Update (2024-12-03):
To solve the given system of non-homogeneous equations using matrix form, we can represent the system in the form \( Ax = b \), where \( A \) is the coefficient matrix, \( x \) is the variable vector, and \( b \) is the constant vector.
The system of equations is:
1. \( 5x_1 + 20x_3 = 50 \)
2. \( 10x_2 + 20x_3 = -30 \)
3. \( 5x_1 - 10x_2 = 80 \)
First, we need to write this system in matrix form.
### Coefficient matrix \( A \):
From the equations, we can extract the coefficients for \( x_1, x_2, x_3 \):
\[
A = \begin{bmatrix}
5 & 0 & 20 \\
0 & 10 & 20 \\
5 & -10 & 0
\end{bmatrix}
\]
### Variable vector \( x \):
The variable vector \( x \) is:
\[
x = \begin{bmatrix}
x_1 \\
x_2 \\
x_3
\end{bmatrix}
\]
### Constant vector \( b \):
The constant vector \( b \) is:
\[
b = \begin{bmatrix}
50 \\
-30 \\
80
\end{bmatrix}
\]
### Formulating the Matrix Equation:
Now, we can express the system in matrix form:
\[
\begin{bmatrix}
5 & 0 & 20 \\
0 & 10 & 20 \\
5 & -10 & 0
\end{bmatrix}
\begin{bmatrix}
x_1 \\
x_2 \\
x_3
\end{bmatrix}
=
\begin{bmatrix}
50 \\
-30 \\
80
\end{bmatrix}
\]
### Solving the System:
To solve for \( x \), we need to find the inverse of matrix \( A \) (if it exists) and multiply it by \( b \):
\[
x = A^{-1}b
\]
Let’s calculate the inverse of matrix \( A \).
### 1. Compute the Determinant of \( A \):
The determinant of \( A \) can be computed using cofactor expansion or directly:
\[
A = \begin{bmatrix}
5 & 0 & 20 \\
0 & 10 & 20 \\
5 & -10 & 0
\end{bmatrix}
\]
Calculating the determinant:
\[
\text{det}(A) = 5(10 \cdot 0 - 20 \cdot -10) + 0 + 20(0 - 10 \cdot 5)
\]
\[
= 5(0 + 200) + 0 - 1000
\]
\[
= 1000 - 1000 = 0
\]
Since the determinant of \( A \) is \( 0 \), the matrix is singular. This means that the system either has no solutions or infinitely many solutions.

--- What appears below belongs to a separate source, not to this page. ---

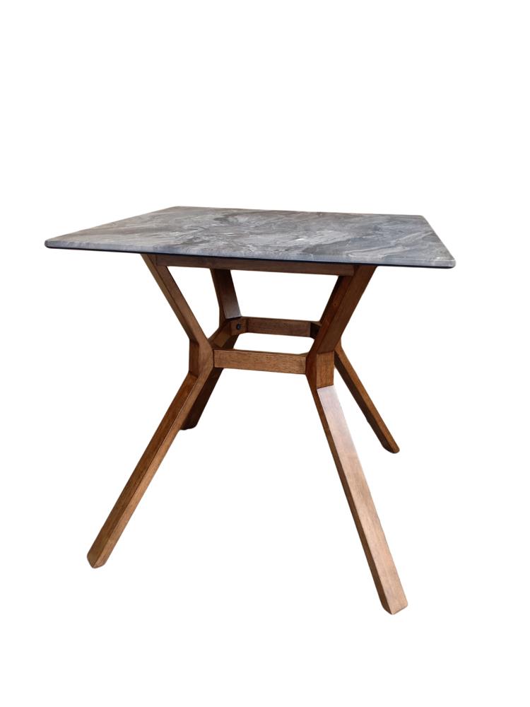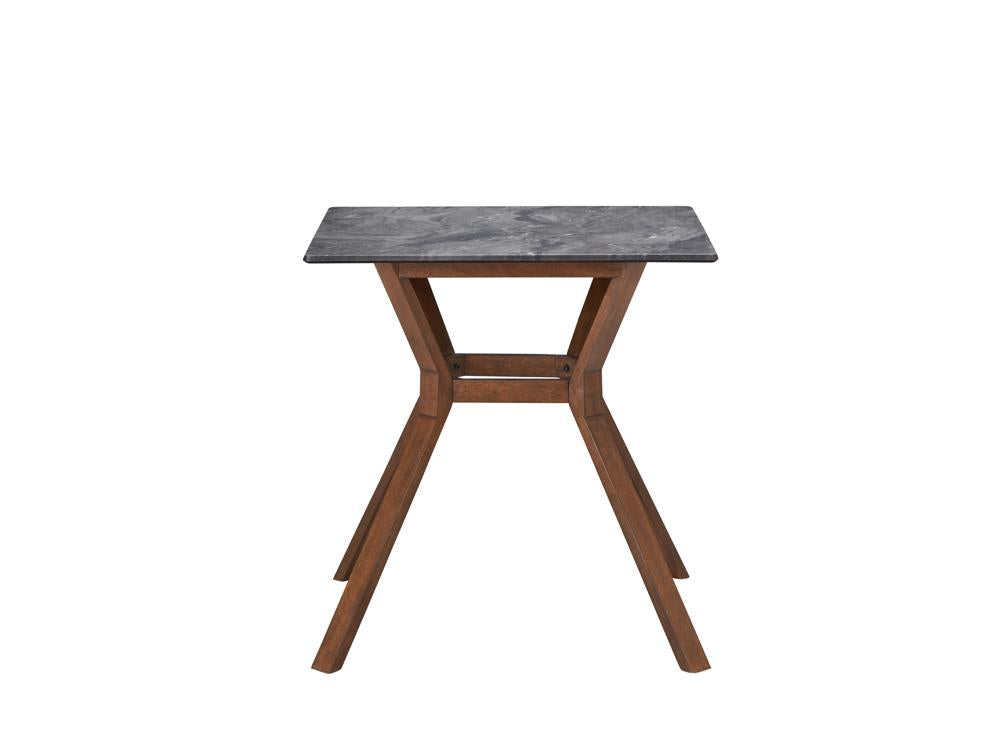 This counter height table is ideal for green-friendly homes and lifestyle. Featuring a sustainably crafted tabletop made of solid wood and recycled sawdust using a high pressured lamination process, this table is both sturdy and kind to the environment. With a square faux stone top, it is also easy to clean and quite resistant to the elements and accidents. Plus, the narrow and boomerang-shaped silhouette of the base lend a mid-century modern style that is sire to impress, complete with a natural walnut finish that complements numerous color palettes. Pull up a pair of counter height stool to accompany up to four people for cocktails or dinner.

### 2. Write the Augmented Matrix and Row Reduce:
Let us set up the augmented matrix \([A|b]\):
\[
\begin{bmatrix}
5 & 0 & 20 & | & 50 \\
0 & 10 & 20 & | & -30 \\
5 & -10 & 0 & | & 80
\end{bmatrix}
\]
We will use row reduction to row echelon form to analyze the solution.
Performing row operations:
- \( R_3 \leftarrow R_3 - R_1 \):
\[
\begin{bmatrix}
5 & 0 & 20 & | & 50 \\
0 & 10 & 20 & | & -30 \\
0 & -10 & -20 & | & 30
\end{bmatrix}
\]
- Now we can take \( R_2 \) and \( R_3 \):
- Scale \( R_2 \) down: \( R_2 \leftarrow \frac{1}{10} R_2 \):
\[
\begin{bmatrix}
5 & 0 & 20 & | & 50 \\
0 & 1 & 2 & | & -3 \\
0 & -10 & -20 & | & 30
\end{bmatrix}
\]
- Scale \( R_3 \leftarrow R_3 + 10R_2 \):
\[
\begin{bmatrix}
5 & 0 & 20 & | & 50 \\
0 & 1 & 2 & | & -3 \\
0 & 0 & 0 & | & 0
\end{bmatrix}
\]
Now we have our system of equations in reduced form:
1. \( 5x_1 + 20x_3 = 50 \)
2. \( x_2 + 2x_3 = -3 \)
3. \( 0 = 0 \) (No new information)
### Back Substitution:
From \( x_2 + 2x_3 = -3 \):
\[
x_2 = -3 - 2x_3
\]
From \( 5x_1 + 20x_3 = 50 \):
\[
5x_1 = 50 - 20x_3 \\
x_1 = 10 - 4x_3
\]
### Conclusion:
Let \( x_3 = t \) (a free variable), the solutions can be expressed as:
\[
x_1 = 10 - 4t, \quad x_2 = -3 - 2t, \quad x_3 = t
\]
The solution set is parametrized as:
\[
x = \begin{bmatrix}
10 - 4t \\
-3 - 2t \\
t
\end{bmatrix}, \quad t \in \mathbb{R}
\]
Thus, the system has infinitely many solutions.